Yes, I'm happy with that.

llvm/lib/Target/AArch64/AArch64SVEInstrInfo.td
3157–3159

It looks like you can merge these together.

3174–3175

Presumably you'll need zext variants of these patterns before reverting you're previous patch?

Perhaps it's worth canonicalising the constant just in case there are multiple instances of these operations. By which I mean:

add ZPR:$op, (sext ($pred)) -> SUB $op, $pred, DUP(1)
add ZPR:$op, (zext ($pred)) -> ADD $op, $pred, DUP(1)
sub ZPR:$op, (sext ($pred)) -> ADD $op, $pred, DUP(1)
sub ZPR:$op, (zext ($pred)) -> SUB $op, $pred, DUP(1)
llvm/test/CodeGen/AArch64/predicated-add-sub.ll
11–12

I know these are existing tests but is there a reason we don't just pass <vscale x 8 x i1> %v into the function?

Address comments

NicolaLancellotti marked 2 inline comments as done.Nov 28 2022, 2:55 AM
NicolaLancellotti added inline comments.
llvm/lib/Target/AArch64/AArch64SVEInstrInfo.td
3174–3175

As you can see from the tests, instead of subtracting 1, LLVM adds -1, which is the same.
So, we don't need them, do we?

llvm/test/CodeGen/AArch64/predicated-add-sub.ll
11–12

The tests were in a pre-commit test, I updated them.

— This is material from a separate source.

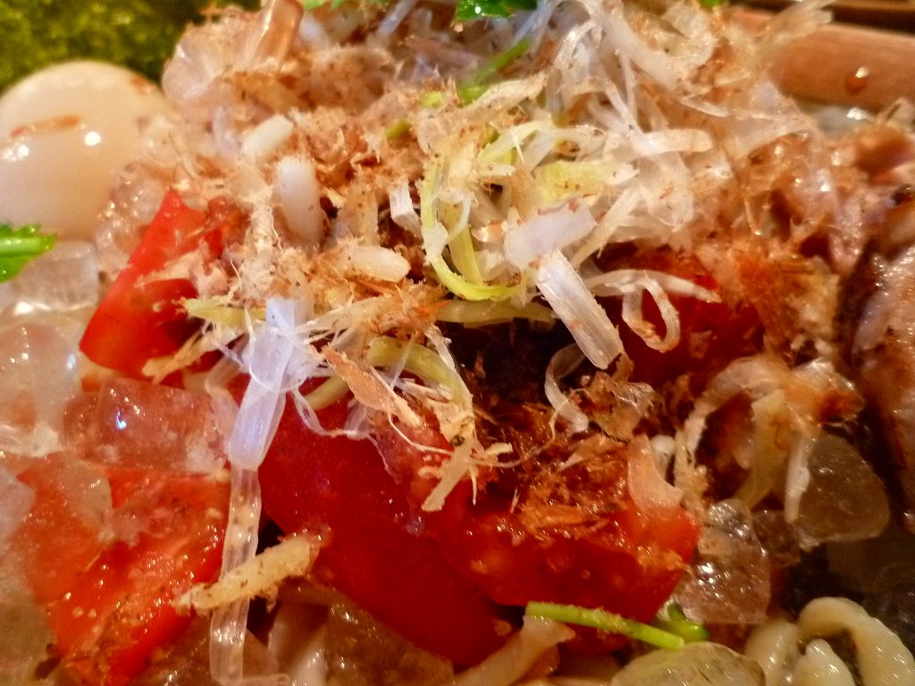 甘酸っぱいタレにトマトと鰹節はヤバ旨w

paulwalker-arm accepted this revision.Nov 28 2022, 8:32 AM

Thanks @NicolaLancellotti. I still think it would be better to canonicalise to two variants (i.e. add/sub op, #1) instead of the current three, but that can be changed later is it turns out be advantageous.

llvm/lib/Target/AArch64/AArch64SVEInstrInfo.td
3174–3175

I see what you mean.

This revision is now accepted and ready to land.Nov 28 2022, 8:32 AM
This revision was landed with ongoing or failed builds.Nov 28 2022, 8:38 AM
This revision was automatically updated to reflect the committed changes.